I think I need to chew on this more and think about how much usefully breaks down along these lines. As I read this, you’re describing a correlation between a 2×2 matrix of bimodal levels of multiplicity of causes and effects, and good strategies for dealing with problems with those traits. Is that accurate? But there’s also a very distinct feeling that each of these categories evokes (especially given the names), and I’m not as sure that the feeling is correlated with the purported criteria; I have an intuitive guess that it’s more correlated with perceptions of agency over problems, which may have only a skewed relation to the “number” of causes and effects (insofar as that’s meaningful in the first place).
You’re not the first to suggest s/Dragon/Hydra/g here, and I’d be tempted to agree, if not for the fact that dragon-slaying is significantly more poetic than hydra-slaying. OTOH, “Hydra” serves as a mnemonic that attacking symptoms is a Known Bad Strategy.
(Do note that the existence of a dragon can cause a series of not-obviously-related symptoms—this stuff is on fire, and this stuff is smashed up, and these people got eaten...)
If I’m not the first, was this posted before? I don’t see the same suggestion elsewhere in the comments, at least…
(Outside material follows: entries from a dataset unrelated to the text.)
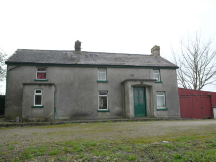 Detached two-storey house, built c.1820, having four-bay ground floor and three-bay first floor, two flat-roofed porches to front (east) elevation, southern bay being addition. Pitched slate roof with timber eaves, some cast-iron rainwater goods, and red brick chimneystacks. Cement render finish to walls, lined-and-ruled render to north entrance porch. Square-headed window openings with replacement timber casement windows, with painted masonry sills. Segmental-headed opening to north porch, having recessed square-headed door opening with half-glazed timber battened door. Square-headed door opening with timber battened door to side elevation of south porch. Single-storey lean-to garage attached to north end of house, with corrugated-iron cladding to walls and roofs. Evidence of former single-storey gabled structure to south gable. Set perpendicular to road. Site entrance has double-leaf metal vehicular gate flanked by rendered piers with matching pedestrian gate. Wrought-iron farm gate to south with round-plan cast-iron piers. Monument to Patrick Kavanagh at junction of this road and main road. Carrickmacross branch of Great Northern Railway formerly ran between house and main road.
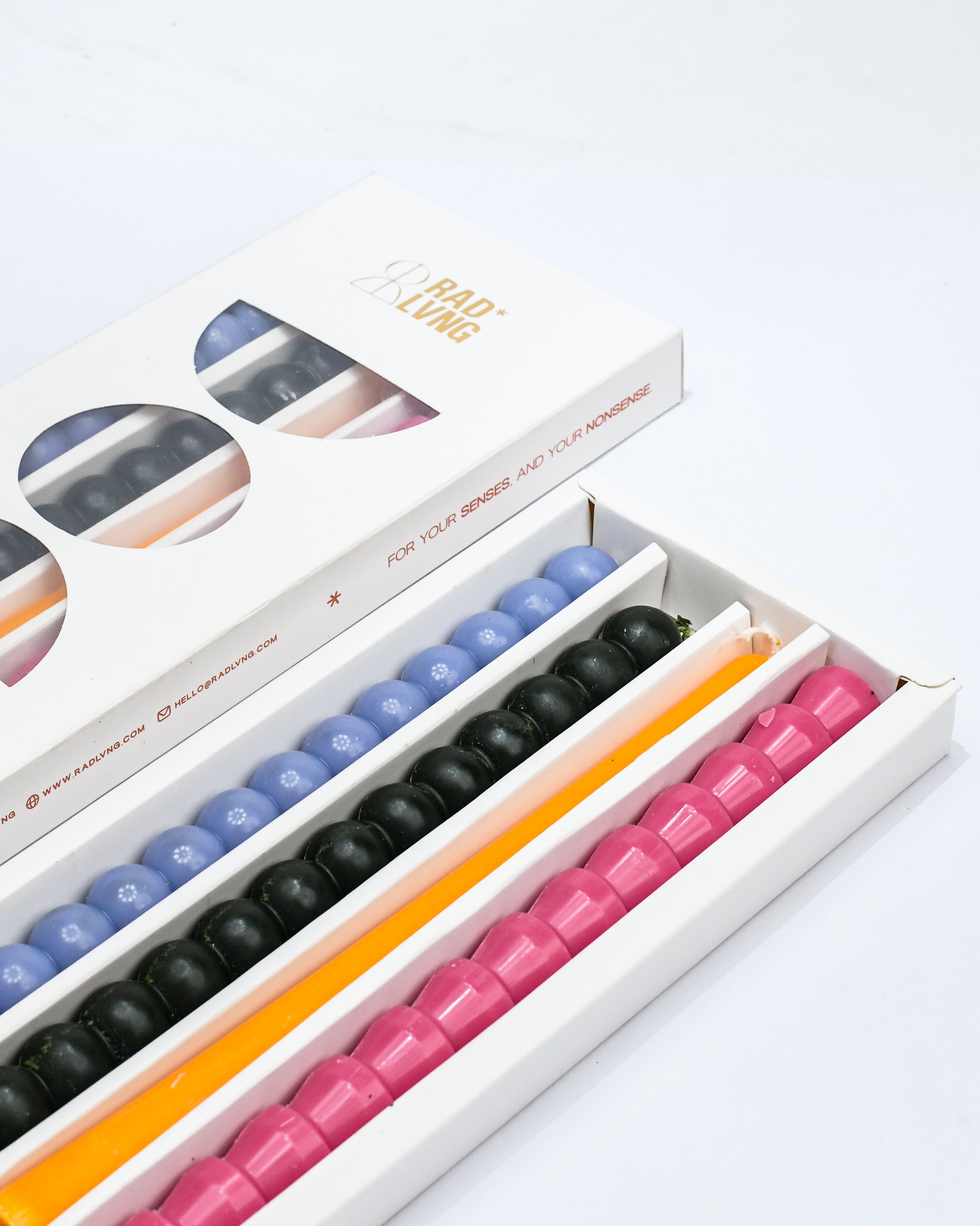 Rad Living candlesticks bring a touch of charm to your space. Handcrafted with care, they’re designed to fit perfectly on candlestands, adding a warm, inviting glow to any setting. Great for everyday use or special occasions.
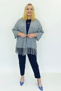 Popielaty Długi Kardigan Narzutka z Frędzlami L/XL Wymiary Rozmiar S/M Długość całkowita 78 cm Obwód biustu 130 cm Obwód bioder 130 cm Rozmiar L/XL Długość c...
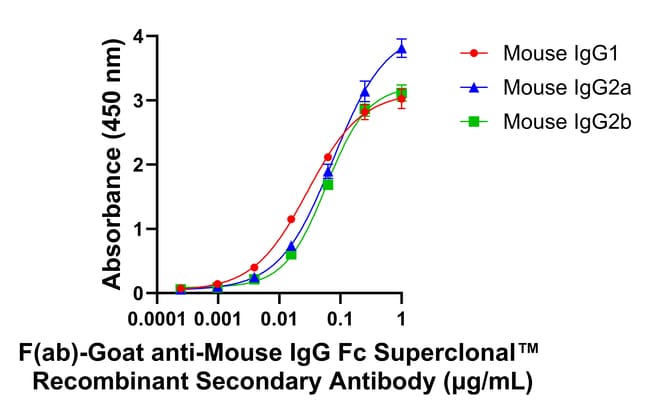 F(ab)-Goat anti-Mouse IgG Fc Superclonal™ Recombinant Secondary Antibody is very specific to Mouse Fc region and can detect Mouse IgG1,2a,2b. It showed no cross-reactivity to various species immunoglobulins tested This Fab fragment antibody is expressed in vitro and purified as a recombinant construct. It is also engineered to deliver enhanced stability and sensitivity. The advantages of recombinant antibodies include-better specificity, animal origin-free formulation, and lot-to-lot consistency. F(ab) fragments offer several advantages over full-length IgGs due to their smaller molecular size (~50 kDa vs. ~150 kDa), such as improved tissue penetration. The absence of the Fc region reduces nonspecific binding and background staining in Fc receptor-expressing cells and tissues, while also enabling increased flexibility in multiplexing assays. It is recommended that the antibody be carefully titrated for optimal performance in the assay of interest.
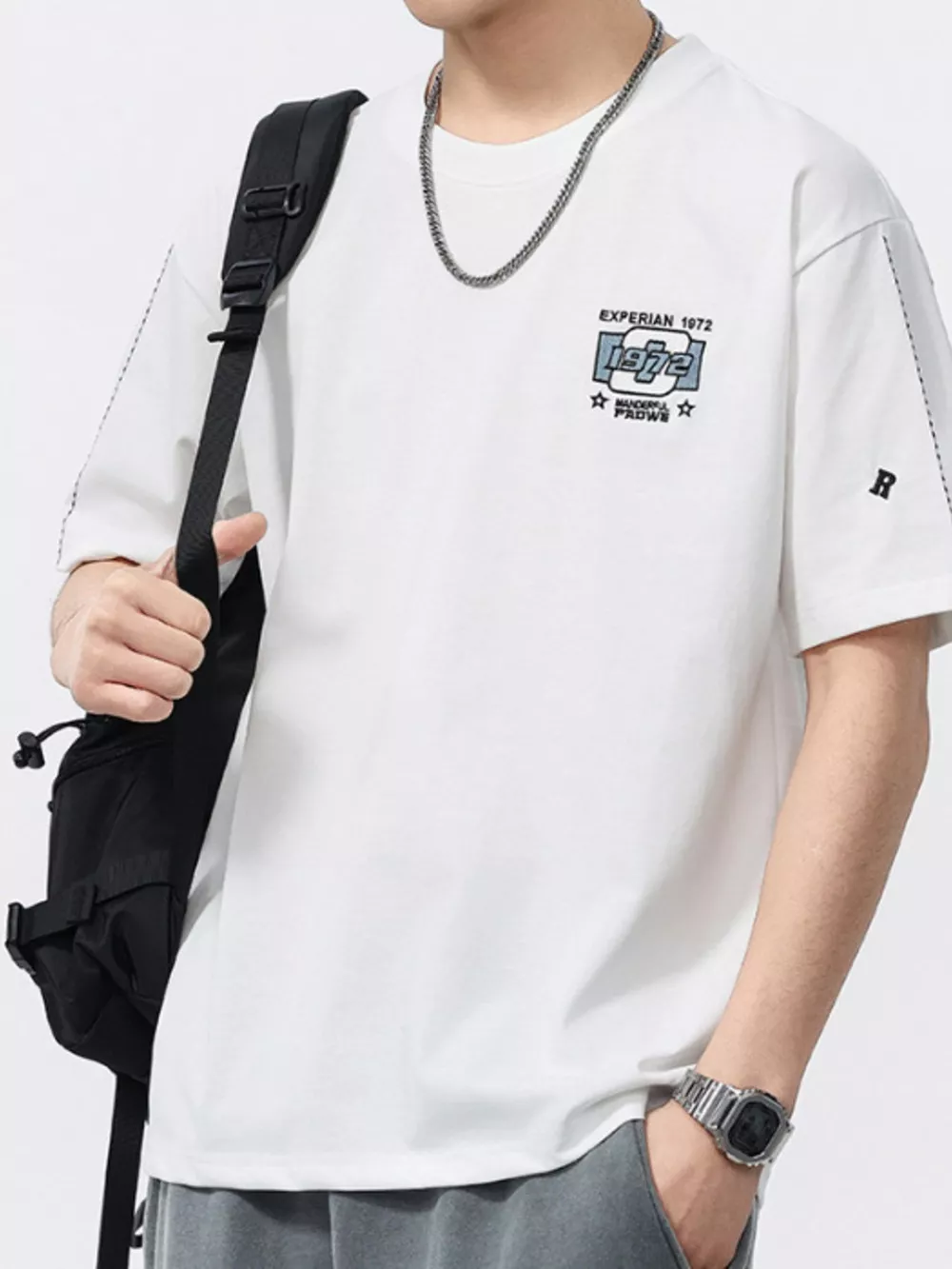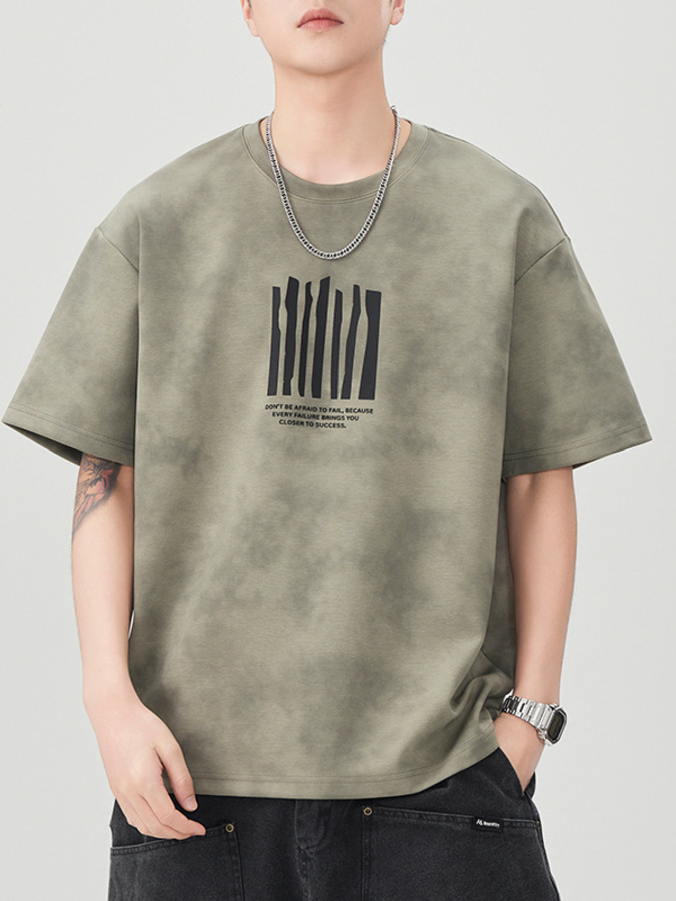 Men's Letter Round Neck Half Sleeve T-Shirt
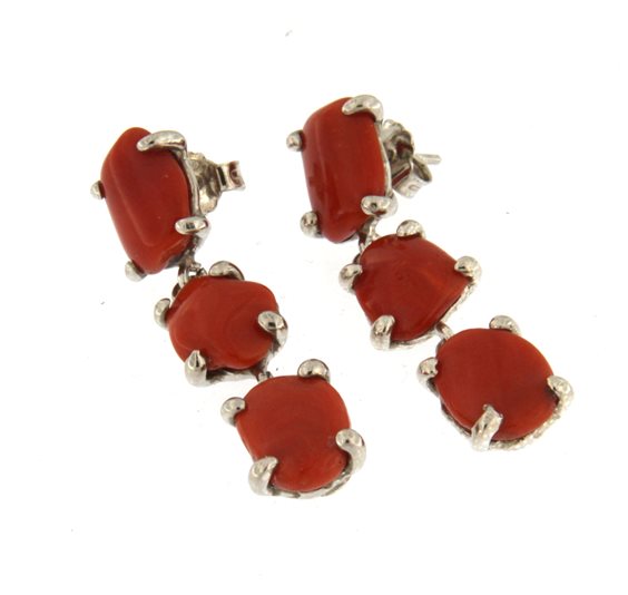 Eleganti orecchini pendenti in Argento 925/°°° con corallo naturale; lunghezza complessiva orecchino 4 cm
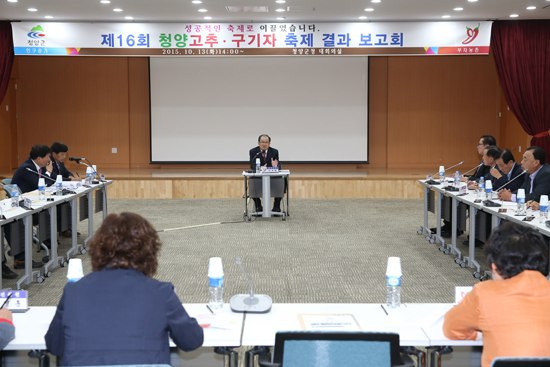 청양고추·구기자축제추진위원회는 지난 13일 청양군청 대회의실에서 위원 및 군 실과장 등 50여명이 참석한 가운데 제16회 청양고추‧구기자축제 추진결과 보고회를 개최하고 이번 축제 평가 및 발전방안에 대해 토론하는 자리를 가졌다.
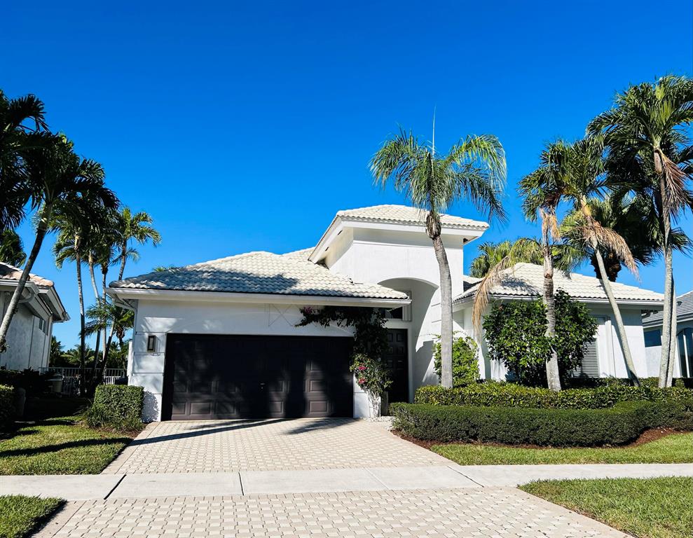 Reduced to SELL! Imagine beautiful view & sunsets on the lake & golf course! This tastefully renovated one-story home of 3 bedrooms plus an office and 2 1/2 baths is light & bright featuring volume ceilings; gray-tone wood grain porcelain tile floors throughout; an open kitchen with white & gray 42'' cabinetry, quartz and marble counters & waterfall, decorative tile backsplash, stainless steel appliances; French doors into a private office; remodeled secondary bathrooms of contemporary design; walk-in closets in the Primary suite; garage storage cabinetry; A/C 2021, water heater 2017, accordion hurricane shutters.
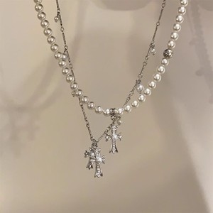 美式辣妹配饰珍珠十字架双层叠戴项链女高级感轻奢小众锁骨链颈链
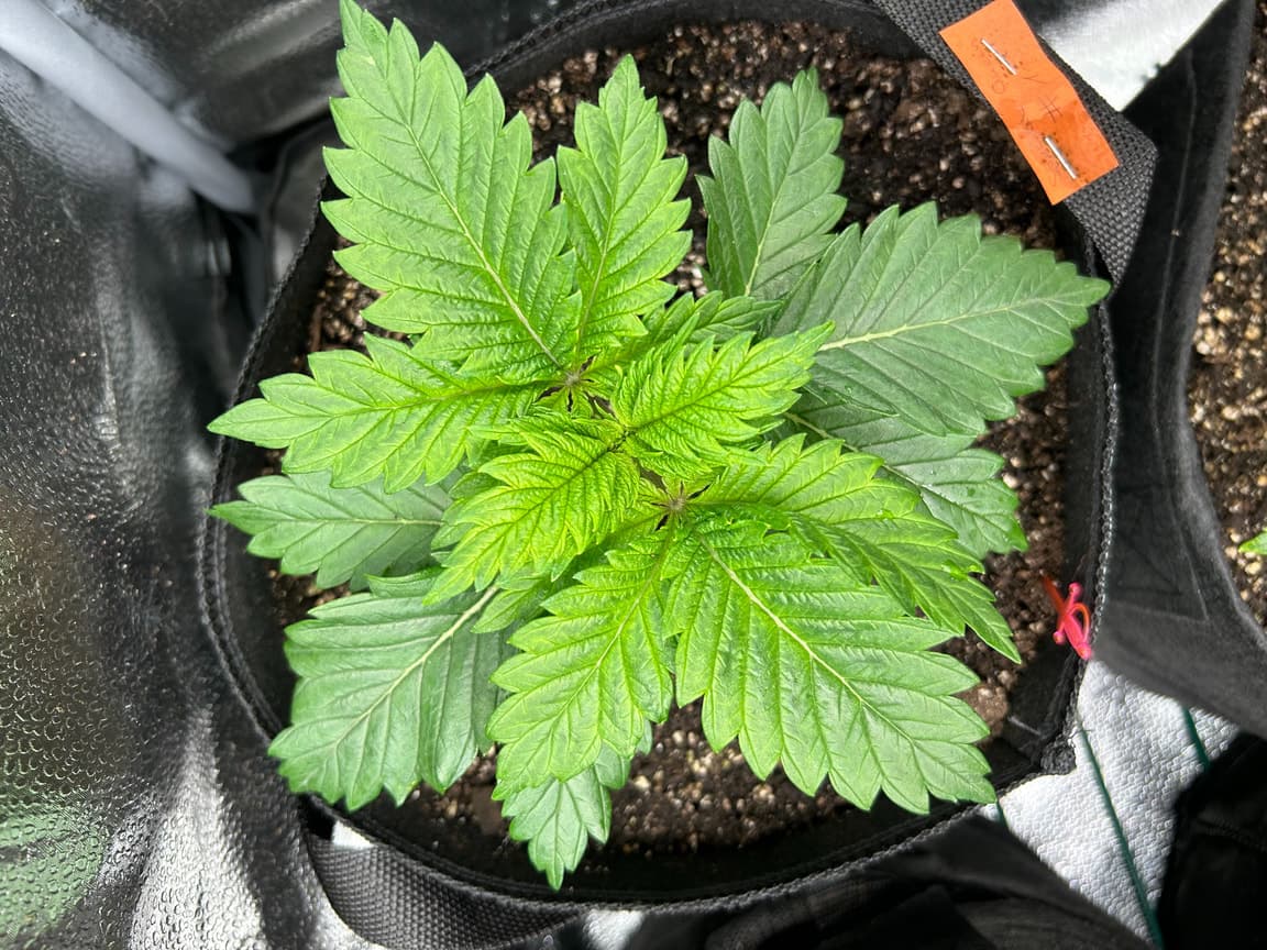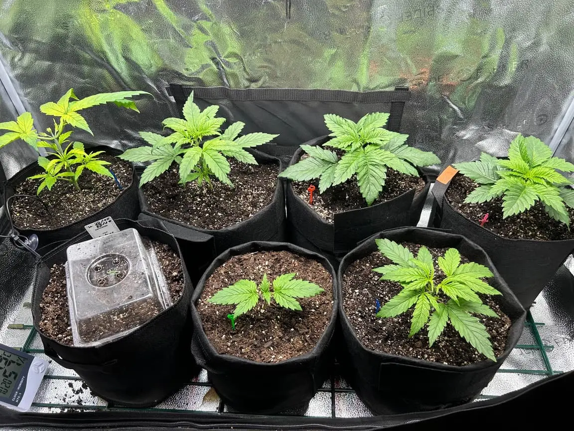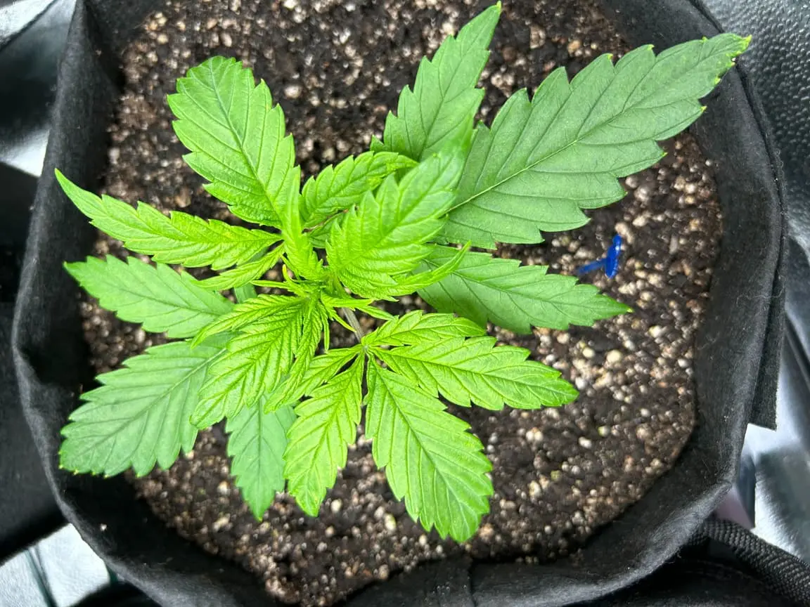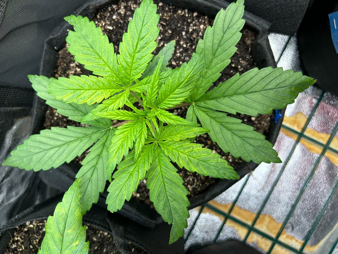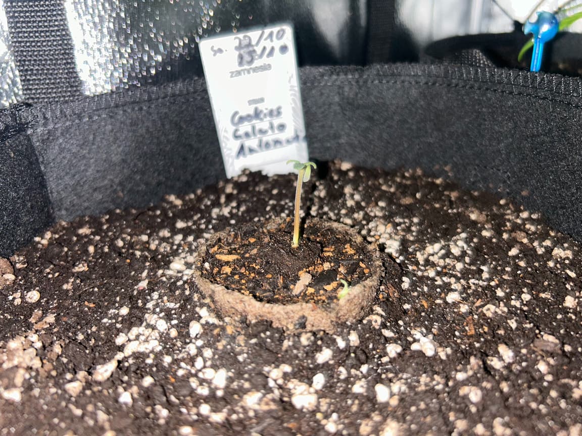 4x 15 Liter Smartpots von SpiderFarmer, 5x 10 Liter Smartpots aus dem Netz. Dünger von BioTabs, Alphaboost und BoomBoomSpray. Beim umtopfen dann der Gau schlechthin… zu wenig Lightmix… hab versucht, das Ganze durch ne Eigenkreation Erdmix zu ersetzen. Rate ich ab jetzt keinem mehr, außer derjenige weiß genau(!) was man tun muss und warum. Ich hatte erst keine Heizmatte drin, daraus resultiert einiges an Problemen. 1x Unbekannt ist eingegangen, die Critical hatte erhebliche Wuchsprobleme und die SweetCherry… naja. Die ist ein Fall für sich. Da ich Stecklinge schneiden möchte und einige der Damen (hoffentlich sind es alles ladies) extrem hinterher hinken, habe ich beschlossen, die wachstumsphase deutlich zu verlängern. Also am 22.10. noch ne CookiesGelato Automatik im Propagator platziert. Am 25.10. hat die dann einen Platz im Zelt bekommen, allerdings noch mit Haube gegen Zugluft. Die beiden Samen von SensiSeeds haben erhebliche Schwierigkeiten, liegt das an dem Strain oder an der Seedherstellung? Naja, die Critical erholt sich nach dem Skalpelleinsatz wieder, die SweetCherry habe ich ausgetopft (absolute Notlösung und nicht zu empfehlen), sehr wenige Wurzeln waren an der Pflanze. der Wuchs war allerdings so beschissen dass ich eine neue SweetCherry gestartet habe. Allerdings dieses Mal im Wohnzimmer unter ner 10w AquariumLED. Damit die Wurzeln keinen Umtopfstress bekommen, wandern seit dem alle Mädels in cocostöpfechen (6cm Durchmesser) gefüllt mit Anzuchterde. Sobald die „Einfinger-Blätter“ größer als die Keimblätter sind, wird umgezogen. Vom Propagatorminitopf in das erste eigene Zuhause (6cm Cocotopf). So war das dann auch bei der Automatik und der 2. SweetCherry. Jetzt rennt alles. Allerdings sind die Damen scheinbar nicht richtig versorgt. Blattzeichnungen, krüppelwuchs und so weiter könnten auch pH-Wert bedingt sein. Hier ist das Wasser zwischen 7,2 und 7,9 also nicht wirklich tragbar. Um den pH-Wert zu senken ist das Alphaboost völlig ausreichend, denke trotzdem dass etwas schief läuft. Momentan und noch 9(!) Wochen lang läuft die veggi-Phase mit 18/6 , 60-75 cm Abstand auf 60%LED-leistung. Die erste unbekannte, mit dem sehr hellen und kräftigen Wuchs, wurde per Schere gefimmt. Alle anderen wurden zumindest von unten schon beschnitten, kaputte krüppelige sonnensegel und die winztriebe ab. Temperatur schwankt zwischen 18 (Licht aus) und 24 Grad C. Relative Luftfeuchtigkeit zwischen 55 und 75%. Sobald die Lampen ausgehen werden die Blätter mit boomboomspray behandelt. Gegossen wird Wasser das mit Alphaboost auf 6,2-6,4 pH gebracht wird. Ca 1,5 ml/1 Liter. Gießen per Hand, abwechselnd rechts/links von der Pflanze. So kann eine Seite atmen und eine Seite saufen. Nur die Auto bekommt noch etwas wenig Wasser (ca 20 ml per Spritze)und das deswegen direkt in den cocotopf. In zwei oder drei Tagen (sobald die ersten Blätter ne gute Fläche entwickelt haben) kommt die Gewächshaushaube runter und es wird nur noch vom Topfrand bis zum cocotopf gegossen, damit der durchwurzelt wird. Was haltet ihr von meinem Setup, was würdet ihr ändern? Was könnte nötig sein? Was passiert eigentlich mit der Automatik wenn ich in 6-8 Wochen auf 12/12 stellen würde?

And the part I’m worried about above is that the poetic view will lead to conflationary thinking about the categories along the way, rendering the model a lot less useful; sure, a dragon can cause multiple symptoms, but that’s not the central image that comes to mind (at least to me), and trying to get a grip on something like this as an intuition pump gets fragile if you lean into what sounds compelling.
No, I’m referencing an in-person conversation. (Incidentally, the fact that ialdabaoth fielded that suggestion and still wrote this post with ‘dragon’ makes me worry that they’ve got at least an instinct that it’s the right word in some way I’m missing.)
And I think I see the worry that you’re pointing at here. I think it’s a valid one, though not one that I expect can be resolved entirely through theory; I’d like to see some people work with the ontology for a bit to see which words work in useful ways.
This seems like an example of trying to harness the cloud of doom. (In that case the attempt was transparent enough not to work; examples that actually did work would of course be hard to establish shared beliefs about.) The cloud of doom is the breakdown of shared discourse due to collapse of trust in common definers of canonical reality. It’s harnessed by an organization directly trying to claim credit for being canonical with officialness theater like verification numbers, in a way that’s couldn’t even plausibly slightly alleviate the underlying problem.
I’m going to steal this, I’ll probably try to use a continuous relaxation of it and try to break it into causal parts and such
Yeah, strong endorsement of treating this as eigenvectors rather than category-buckets.
Bullshit Mountain sounds a bit like a situation where there’s a convergent focus for costs to be externalized onto. It’s hard to fix because local incentives are always towards not just ignoring the problem, but actively making it worse. This can on very rare occasions be “fixed” with massive investments of energy (with an opportunity cost that may or may not be worth it). Sometimes, though, an organization should have a finite lifespan, and the correct response to Bullshit Mountain is to manage the decline with harm-reduction.
More generally, it seems to me that this post subtly frames things as though the only organization is the one being focused on. Spinoffs and emigrés can often have perfectly good lives elsewhere.
Overall, I expect that as I reflect on this schema I’ll want to start using it, and I notice myself feeling the lack of a corresponding ontology of system capacity levels.